I got a secret weapon for this season. A new TT bike? No, although the white Shiv TT frame is pretty cool. A new helmet? No, although I am looking around for something bright and comfortable with my LEJOG record attempt in mind. A motor? No way! My alias may be duracellbunnyonabike, but I don’t need a motor. I got my parents to thank for some good endurance genes. So what is my secret weapon for 2016? Keep reading to find out…
I’ll give you one hint: aged 52 my new secret weapon is actually not that ‘new’ … although I wouldn’t dare to say ‘old’ either! It’s not a weapon in the sense of something that I am unleashing at my fellow competitors either. That said, my secret weapon is giving quite a few of them a bit of a surprise. Some are surprised because they expected a man (with organisers listing her so wrongly) and others because they just never heard of her before and are baffled with how blistering fast she is at her age.
My secret weapon is Chris Melia: my former colleague who sadly now works for a rival firm.
Chris first rode with me back in September 2010 when we raised £10,000 for Cancer Research UK with a 100 mile ride from Penrith to Warrington. The ride was organised by Phil Reddy, a former client who had just recovered from cancer of the oesophagus. Phil had used cycling to cheer himself up and help him get fitter and stronger again. Back then I had only just started cycling. I was still on my old ALAN with downtube shifters, and as you can see in the picture, I didn’t even know how to put a helmet on 😉 I was very nervous about the clip-in pedals and certainly had never cycled 100 miles in one go before. Phil Reddy was amazing and it was great to be part of his challenge. Sadly, he passed away just three months later as the cancer returned.
Back then Chris was definitely a far stronger and faster cyclist than me. I was baffled by how she could just steam ahead to those further up the road to warn them about us stragglers at the back and whiz forward and back so effortlessly.
Fast forward to mid-2015 and suddenly the roles were reversed. Chris just discovered the world of timetrialling and got properly hooked. My mobile phone was buzzing regularly with questions about training, equipment etc. Eventually the easiest solution was to simply refer her to my coach as what works for me might not be applicable to her at all. He is usually pretty full up with athletes, but I told him that he simply had to make way for Chris as she just got so much bloody potential. A good referral it seems as she has been flying ever since.
Now, let me get back to the reference to Chris as my secret weapon. Why? Well, it’s simple. There is just nobody else who understands as well as she does how challenging exactly it is to fit my cycling training around my demanding full-time job. We are lucky to be working in this wonderful niche of ‘destination consulting’, which consists of providing strategic and business planning advice to clients in the tourism, leisure and cultural sectors. The job gives me a great buzz, but (at times) is also responsible for my sleep deprivation training. Chris knows like no other the challenging nature of the job and has witnessed my passion and work ethic first-hand. She also juggles a significant number of hours on the bike each week in between client meetings, report deadlines etc. I hesitated when my coach asked whether I wanted him to make Chris as fast as I am, but honestly… if I can only be half the consultant you are Chris, I would happily take a beating in a TT (as long as I get to beat you to a consultancy project that is… 😉 So, now the secret is out and I am pretty sure that those who didn’t know Chris yet will be blown away by her results (and great personality) soon.

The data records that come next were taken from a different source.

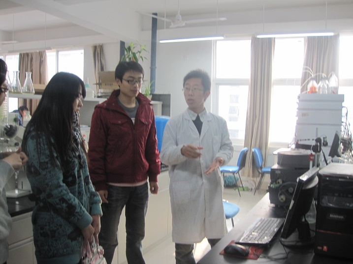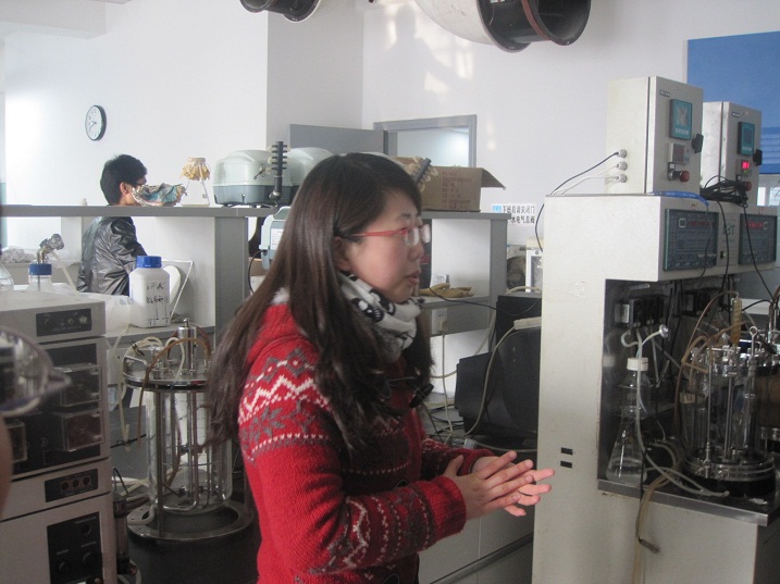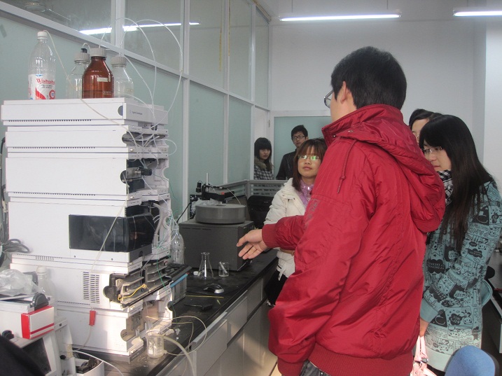 上午九点,同学们在学生会工作人员的带领下,参观了我院院长徐虹教授实验室。走进实验室,同学们看到了许多之前从未接触过的实验器材:培养细菌的摇瓶、恒温培养箱、检测物质含量的液相色谱仪、纯水仪、真空抽滤泵、灭菌锅、离心机、测糖仪等国内外先进仪器,这些让同学们大饱眼福。“咦,那是什么?”有同学指着一个大玻璃罐,好奇地问道。实验室的学姐热情地为大家作解释:“那是发酵罐,用做细菌的培养与发酵。培养的细菌可以分泌一种酶,可用于合成木糖醇等物质……”同学们听地津津有味,时而深思,时而会心一笑。听完学姐的介绍,同学们还意犹未尽,就学科发展方面许多问题向实验室博士发问,同学长学姐进行了更深入地交流,整个实验室热闹非凡。
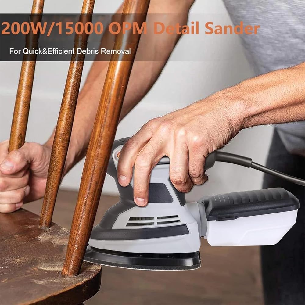ماكينة صنفرة التفاصيل 15,000 OPM ماكينة صنفرة أعمال خشبية مدمجة مع مجمع الغبار و12 قطعة من ورق الصنفرة للمساحات الضيقة ووظائف الأعمال الخشبية الاحترافية
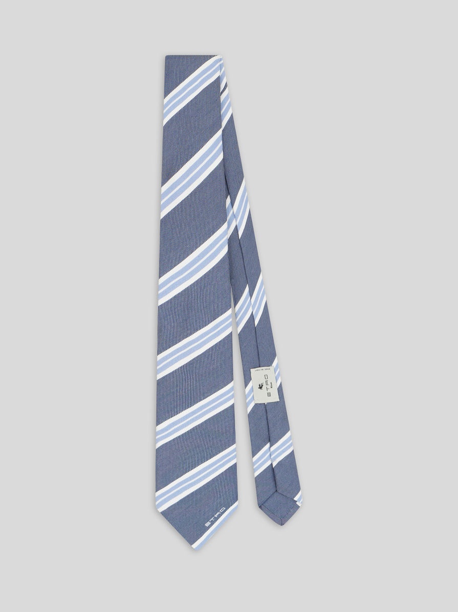 Silk and cotton jacquard tie with striped pattern and ETRO logo. PRODUCT DETAILS • 62% silk, 38% cotton • Made in Italy
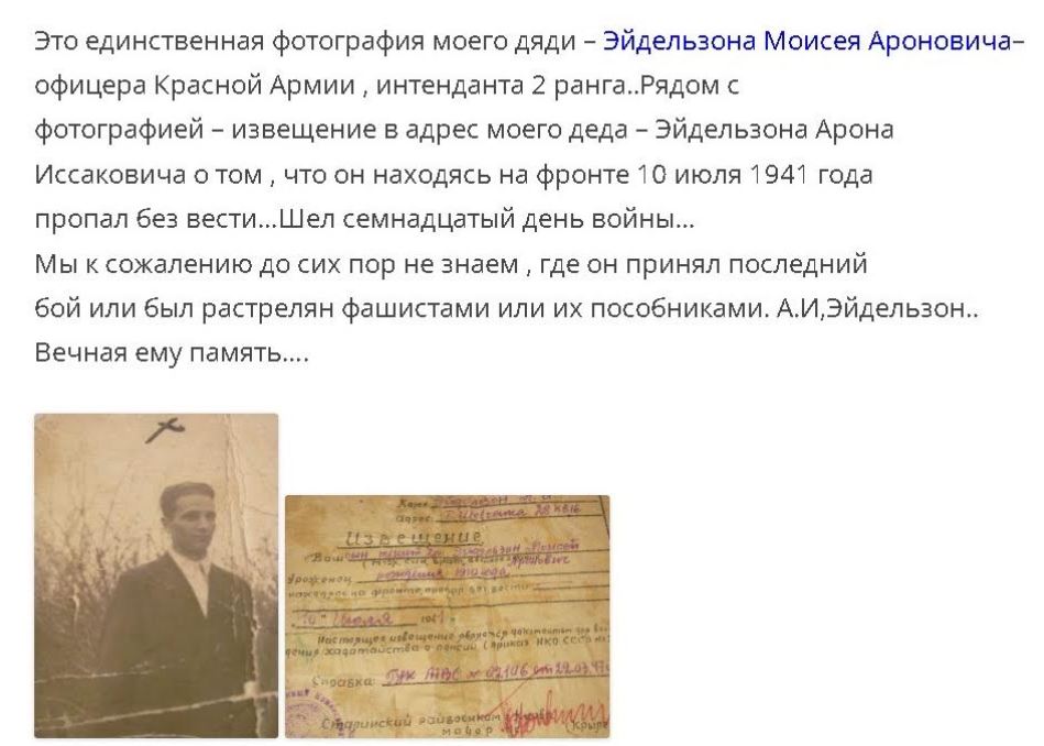 | Дополнительные сведения Эйдельзон Моисей Аронович.
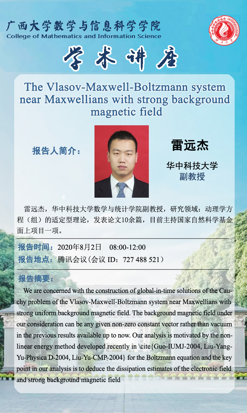 上一條:數(shù)信學(xué)院學(xué)術(shù)報(bào)告:Global strong solutions to the Cauchy problem for planar non-resistive magnetohydrodynamic equations with large initial data
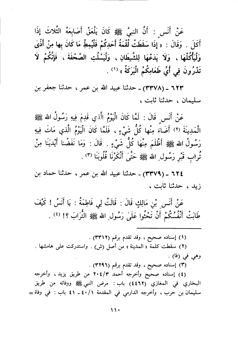 3378 - حَدَّثَنَا عُبَيْدُ اللَّهِ بْنُ عُمَرَ، حَدَّثَنَا جَعْفَرُ بْنُ سُلَيْمَانَ، حَدَّثَنَا ثَابِتٌ، عَنْ أَنَسٍ، قَالَ: «§لَمَّا كَانَ الْيَوْمُ الَّذِي قَدِمَ فِيهِ رَسُولُ اللَّهِ صَلَّى اللهُ عَلَيْهِ وَسَلَّمَ الْمَدِينَةَ أَضَاءَ مِنْهَا كُلُّ شَيْءٍ، فَلَمَّا كَانَ الْيَوْمُ الَّذِي مَاتَ فِيهِ رَسُولُ اللَّهِ صَلَّى اللهُ عَلَيْهِ وَسَلَّمَ أَظْلَمَ مِنْهَا كُلُّ شَيْءٍ» قَالَ: «وَمَا نَفَضْنَا أَيْدِيَنَا مِنْ تُرَابِ قَبْرِ رَسُولِ اللَّهِ صَلَّى اللهُ عَلَيْهِ وَسَلَّمَ حَتَّى أَنْكَرْنَا قُلُوبَنَا» Kإسناده صحيح
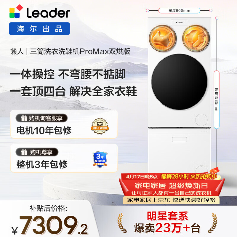 统帅(Leader)海尔出品懒人三筒洗衣洗鞋机套装ProMax双烘12.5KG一屏操控 家电补贴XQGL125-MHBLDE697U1+TB696
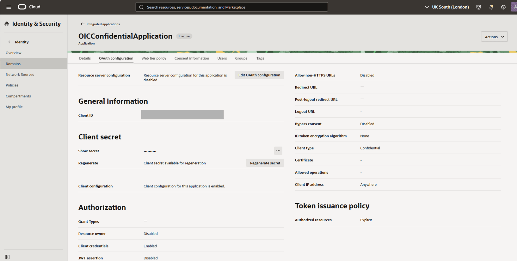 A confidential application is a secure client that can safely store credentials such as a client ID and client secret. It enables Intelligent Advisor to authenticate with Oracle Identity Cloud Service (IDCS) and securely invoke integrations in OIC.
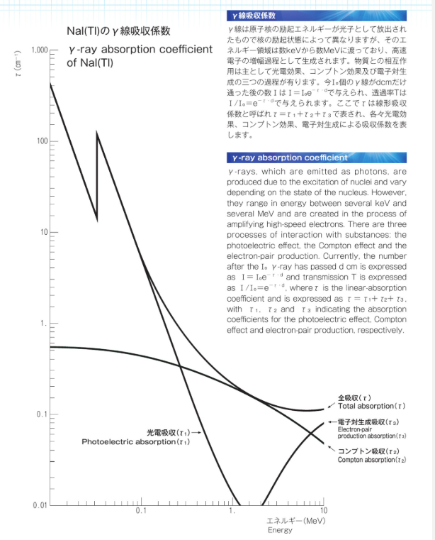 日本OHYO KOKEN KOGYO公司的碘化钠Nal闪烁晶体,密度3.67g/cm³,熔点 651℃,Tl含量约重量0.1%,最大荧光波长415nm,荧光衰减常数230ns,能量转换效率约 12% (21℃时),荧光的温度特性约+0.1 ~ -0.2%/℃,折射率1.85 (在最大荧光波长415nm处),415nm入射临界角34°(从 NaI(Tl) 到空气),入射临界角56°(从 NaI(Tl) 到硅油)。
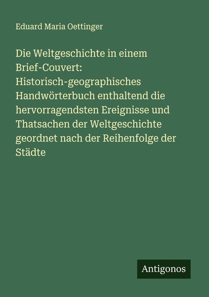 Die Weltgeschichte in einem Brief-Couvert: Historisch-geographisches Handwörterbuch enthaltend die hervorragendsten Ereignisse und Thatsachen der
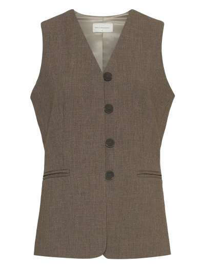Mit ihrer taillierten Silhouette bietet diese Weste eine elegante Option für den Lagenlook. Das ärmellose Design verfügt über einen V-Ausschnitt und einen Knopfverschluss vorne, was sie zu einer vielseitigen Ergänzung für jede Garderobe macht. Paspeltaschen sorgen für eine funktionelle Note.

Having Chris join my new team Born to Bike is just the best. In fact, upon joining Born to Bike it almost felt like I gained a whole armoury. Most of them may be based around the Midlands, but our daily WhatsApp messages have really made me feel part of something great. I feel connected, supported and my mind is in a happy place. Given that timetrialling, and certainly the longer distances, are as much a mental as physical challenge, that’s a pretty good thing.